Plus, despite everything you might think about him being a math guy, Jason is an incredible listener and an even better question-asker. When we go out (which is often, because I’m spoiled) he talks to people. And because he’s genuinely interested in what they have to say, they talk to him. As a cringingly shy person, this boggles my mind. I’m more of a shouts-an-awkward-observation-about-an-article-of-clothing-I-like type of person, followed immediately by becoming a run-and-hide-in-a-bathroom-stall-to-rethink-my-life-choices type of person. What I love most about this trait of Jason’s is that I also want to know the answers to the Important Life Questions posed to random strangers, but often, my social awkwardness prevents me from words.
Which is why I write. In writing, I can better say what it is I need to say. I can endlessly revise and rearrange, usually without skipping words or fumbling my sentences. Usually. Funny thing is, Jason is my beta reader. He’s exceptionally thorough, catching all my omitted words, typos, and the inevitable inconsistencies in en and em dash usage. Therefore, while typing this, I imagined him proofreading it, highlighting various sentences to question whether or not I intended the run-on hyphenation used above, when a simpler, far less confusing adjective might suffice.
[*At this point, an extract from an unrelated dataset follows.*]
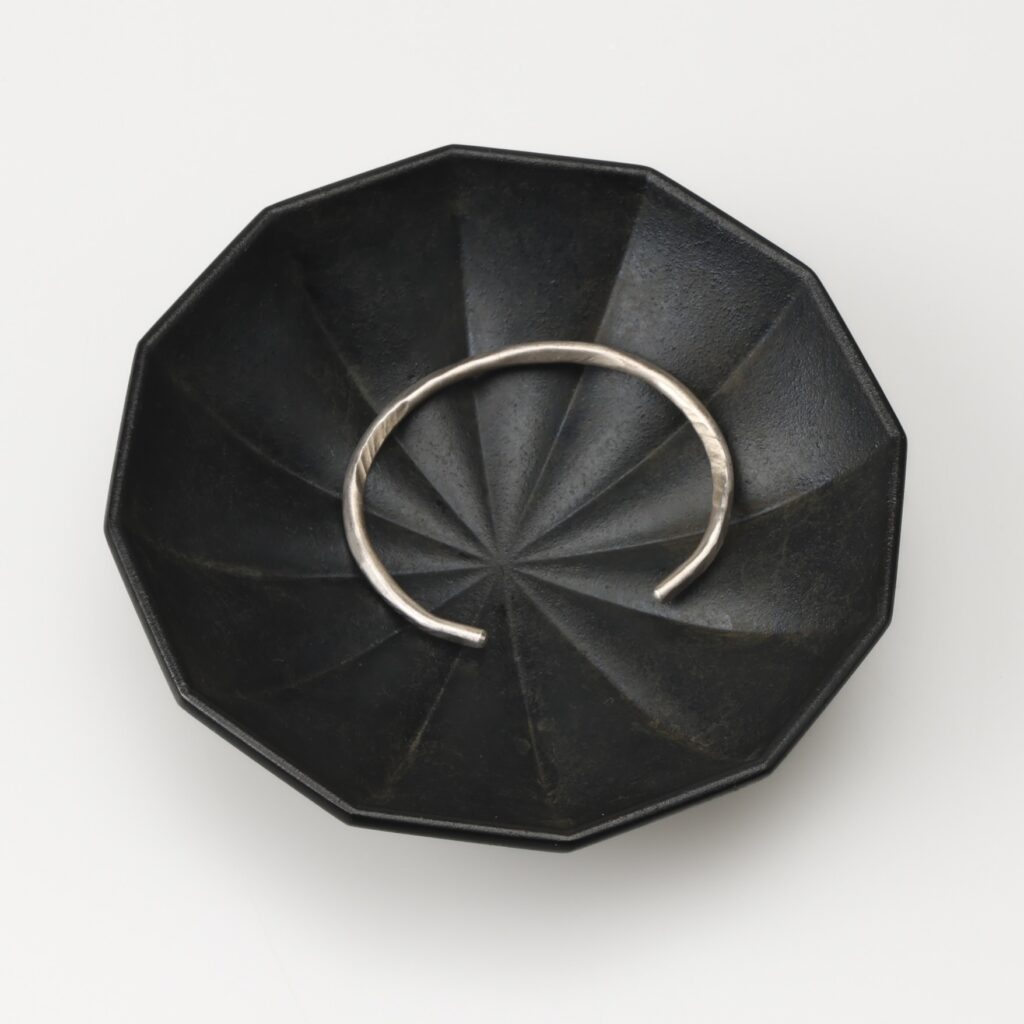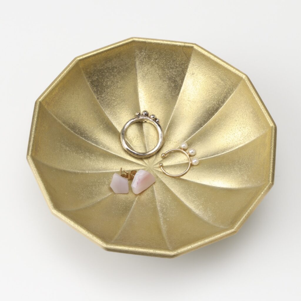 内側は12角形の放射状に成形され、その三角形で分かれた形状がふっくらと盛り上がることで、アクセサリーが持ち上がり、指先で取りやすくなっています。

But then he would suggest something really sweet like “beautiful-butterfly type” or he would say, “You spelled awesome wrong.” He might highlight the word bustliness and comment on it, but he would never drag me for making up words because he gets me and he enjoys language. He has never once called my writing a ‘hobby’ and he’s never once pointed out that one short story I published has made more money than all my novels combined.
He totally could. Others totally have. But Jason is not like others. He doesn’t begrudge the whole mess of a person that I am. Instead, he enjoys the slapdashness of me. In fact, I think he’s kinda into it. I mean, he replied to my Pigs In Space meme with a Star Wars reference. Who else could be more perfect?
So… Happy Four Year Anniversary, Jason Cook. Thank you for being you, and we’ll be together from now on.